Carlos Martinez de la Serna is the Program Director for the Committee to Protect Journalists, and he talked about the lack of press freedom in Cuba. 

“Even as Cuba has seen some points of tight state control over media and freedom of expression loosen over the last decade, the country continues to be one of the Western hemisphere’s most difficult environments for the press. Independent and critical Cuban journalists constantly face the possibility of detention, having their homes or devices searched, their reporting equipment confiscated, and even criminal prosecution on anti-state charges. The slowly expanding influence of the internet has opened up new avenues for expression and journalistic work but has also expanded the set of tools of Cuban officials to monitor, surveil, and censor journalists, media workers, and private citizens.”

John Suarez is the Executive Director for the Center for a Free Cuba and in his opening remarks, he noted that while ostensibly Miguel Díaz-Canel is the leader, as President of Cuba, the Castro family continues to really be in charge. 

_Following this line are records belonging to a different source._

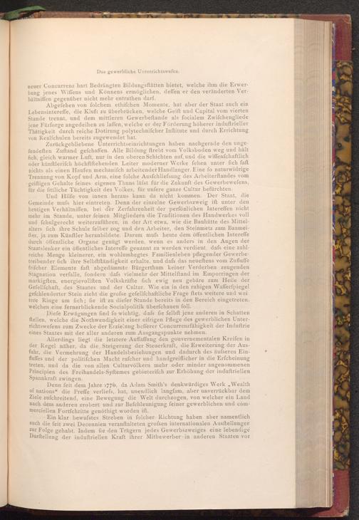 Diefe Erwägungen find fo wichtig, dafs fie felbft jene anderen in Schatten ftellen, welche die Nothwendigkeit einer eifrigen Pflege des gewerblichen Unterrichtswefens zum Zwecke der Erzielung befferer Concurrenzfähigkeit der Induftrie eines Staates mit der aller anderen zum Ausgangspunkte nehmen.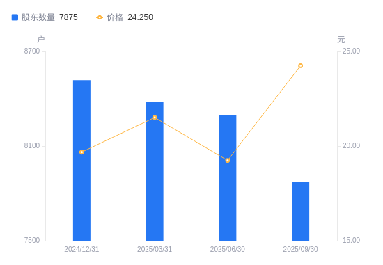 近一年(2024年9月30日至2025年9月30日),浩瀚深度A股股东户数从8325户,减低至7875户,降幅5.41%,区间股价上涨60.48%。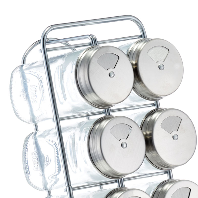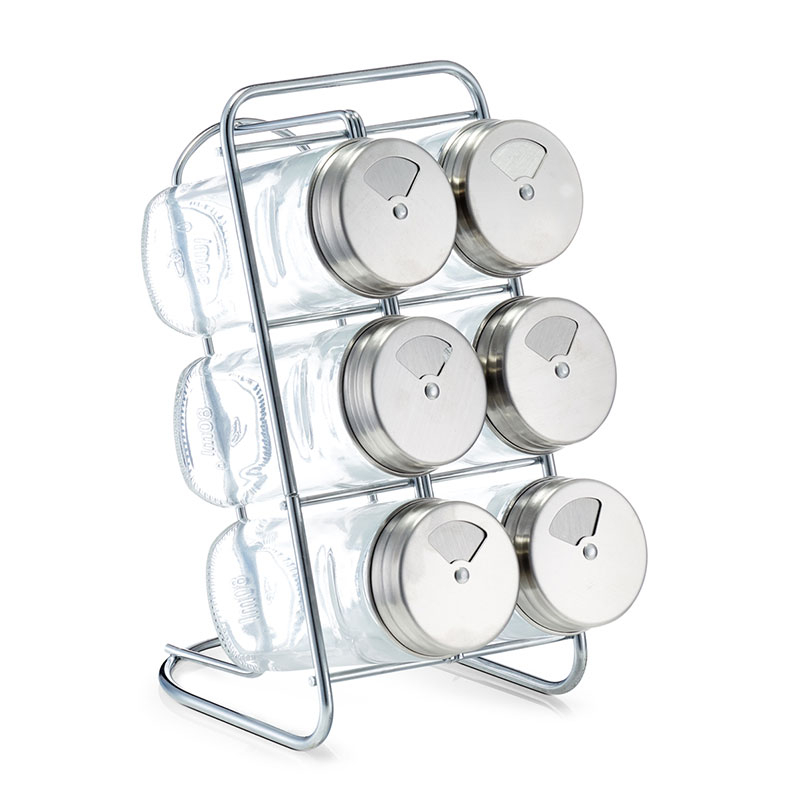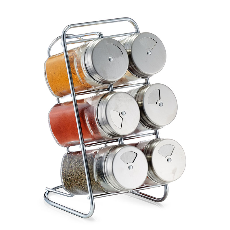Σετ από 6 βαζάκια μπαχαρικών σε σταντ. Τα βαζάκια είναι κατασκευασμένα από διάφανο γυαλί με ασημί ανοξείδωτο καπάκι που έχει ρυθμιζόμενη ροή και κλείνουν αεροστεγώς για να παραμένουν τα μπαχαρικά φρέσκα, χωρίς να χάνουν το άρωμά τους. Το σταντ είναι κατασκευασμένο από μεταλλικό υλικό σε ασημί χρώμα. Σας επιτρέπει να μαγειρεύετε άνετα, διατηρώντας την κουζίνα τακτοποιημένη. Τα βαζάκια μπορούν να πλυθούν στο πλυντήριο πιάτων χωρίς τα καπάκια. *Τα μπαχαρικά στις φωτογραφίες δεν περιλαμβάνονται.*

“Sixty years later, Fidel Castro is gone, but his brother Raul remains, along with the Communist regime. What is called reform in Cuba has been a frog for the dynastic succession of the Castro family. Raul Castro remains in control of the government as the head of the Communist Party. His son Alejandro Castro, a colonel in the Ministry of the Interior, presided over the Cuban side in the negotiations to normalize relations during the previous administration,” Suarez said. 

He also noted that Raul Castro presided over the new constitution, which Suarez said enshrined the continuation of one party rule, the Communist Party, which continues to be the only legal party in Cuba. 

When Joaquin Castro, a Democrat from Texas, asked questions, Suarez reiterated his point. 

Castro asked, “How has governance changed, if at all, since the Castro regime, and who is in charge now?”

“With regards to who’s running Cuba: Raul Castro. Under the Cuban system, the head of the Communist Party is the ultimate authority,” Suarez responded. 

Congressman Christopher Smith is a Republican from New Jersey and in his question period he noted that he has been able to visit the worst prisons in some of the most repressive regimes. 

“I go to prisons all over the world. I’ve been to prisons in Indonesia, China, Beijing prison number one, where the Tiananmen Square activists were, the Lefortovo camp thirty-five, the infamous prison where Natan Sharansky was in the 1980s. I can’t get into a prison in Cuba,” Smith said. 

He noted further that Fidel Castro referred to him as a “provocateur” for trying to visit Cuban prisons.

“The International Committee of the Red Cross, the last time they were able to visit a Cuban prison was in 1989,” Suarez noted.